● About this exercise: The answer must be an exact copy of every entry, with no pictures in it.

● Data records:
------------------------
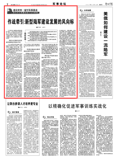 習(xí)主席在多個(gè)重要場(chǎng)合都強(qiáng)調(diào),要努力建設(shè)一支強(qiáng)大的現(xiàn)代化新型陸軍。當(dāng)今世界,軍事科技日新月異,戰(zhàn)爭(zhēng)形態(tài)、制勝機(jī)理飛速變化。新型陸軍只有鎖定“明天、后天戰(zhàn)爭(zhēng)”這個(gè)靶標(biāo),才能建設(shè)方向明、發(fā)展路徑清,才能走向未來。請(qǐng)關(guān)注今日出版的《解放軍報(bào)》的詳細(xì)報(bào)道——
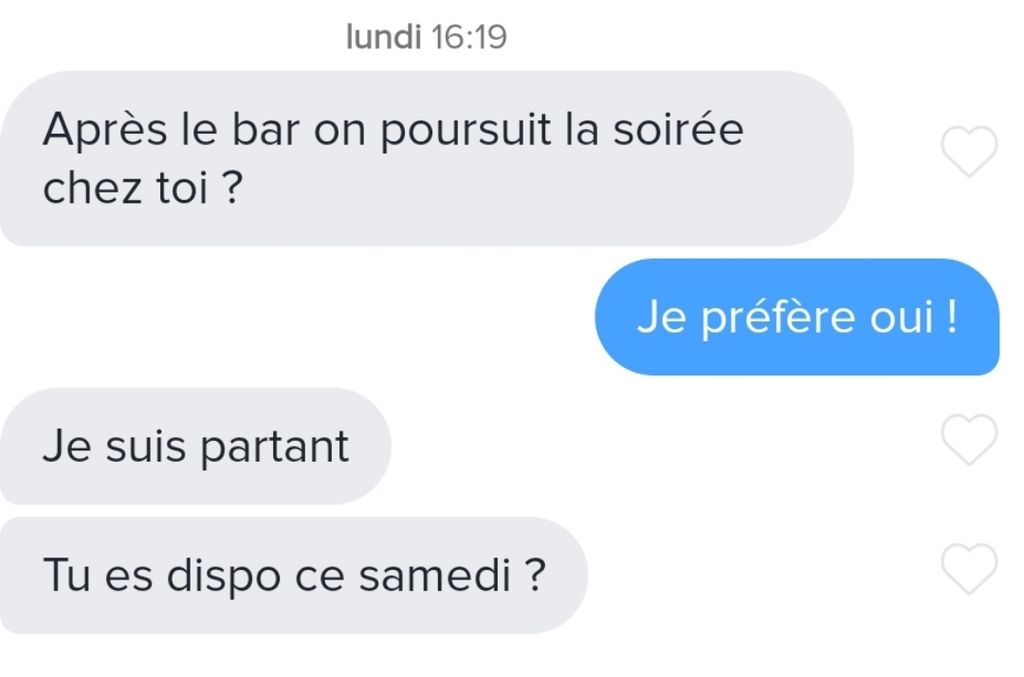 C'est chaud de se dire que des greluches font vraiment confiance aux mecs Tinder qui disent chercher une relation sérieuse et qui essaient après chaque date de voir s'ils peuvent coucher avec elles (au bout d'un moment elles acceptent « pour ne pas le perdre » et le mec se barre car depuis le début il voulait seulement ça et elles sont étonnées)
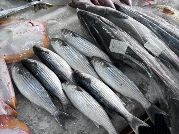 入り口から、向こう側の出口が見通せるくらいの距離しかない音ですが、それでも両側に並ぶお魚屋さんの見応えは十分!
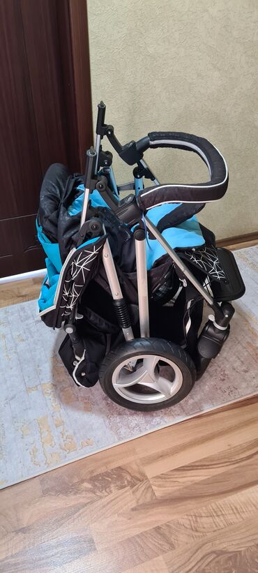 Klassik gəzinti arabasıTəkərlər amartizatorludur. Nasosla doldurulur. Nasos üstündədir. Şəkildə gördüyünüz bütün aksessuarlar üstündə verilir. Çox səliqəli istifadə olunub. əla vəziyyətdədir və manevrlidir. Arxada əl çantası boyda cibi, altında isə baqaj yeri var. Çox asan yığılır.
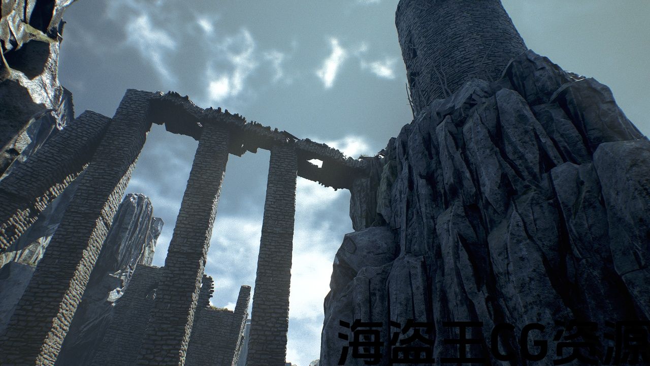 92 high quality models and textures of old buildings, ruined towers, cliffs, foliage, vines and wooden planks.
------------------------
● Task output:
 習(xí)主席在多個(gè)重要場(chǎng)合都強(qiáng)調(diào),要努力建設(shè)一支強(qiáng)大的現(xiàn)代化新型陸軍。當(dāng)今世界,軍事科技日新月異,戰(zhàn)爭(zhēng)形態(tài)、制勝機(jī)理飛速變化。新型陸軍只有鎖定“明天、后天戰(zhàn)爭(zhēng)”這個(gè)靶標(biāo),才能建設(shè)方向明、發(fā)展路徑清,才能走向未來。請(qǐng)關(guān)注今日出版的《解放軍報(bào)》的詳細(xì)報(bào)道——
 C'est chaud de se dire que des greluches font vraiment confiance aux mecs Tinder qui disent chercher une relation sérieuse et qui essaient après chaque date de voir s'ils peuvent coucher avec elles (au bout d'un moment elles acceptent « pour ne pas le perdre » et le mec se barre car depuis le début il voulait seulement ça et elles sont étonnées)
 入り口から、向こう側の出口が見通せるくらいの距離しかない音ですが、それでも両側に並ぶお魚屋さんの見応えは十分!
 Klassik gəzinti arabasıTəkərlər amartizatorludur. Nasosla doldurulur. Nasos üstündədir. Şəkildə gördüyünüz bütün aksessuarlar üstündə verilir. Çox səliqəli istifadə olunub. əla vəziyyətdədir və manevrlidir. Arxada əl çantası boyda cibi, altında isə baqaj yeri var. Çox asan yığılır.
 92 high quality models and textures of old buildings, ruined towers, cliffs, foliage, vines and wooden planks.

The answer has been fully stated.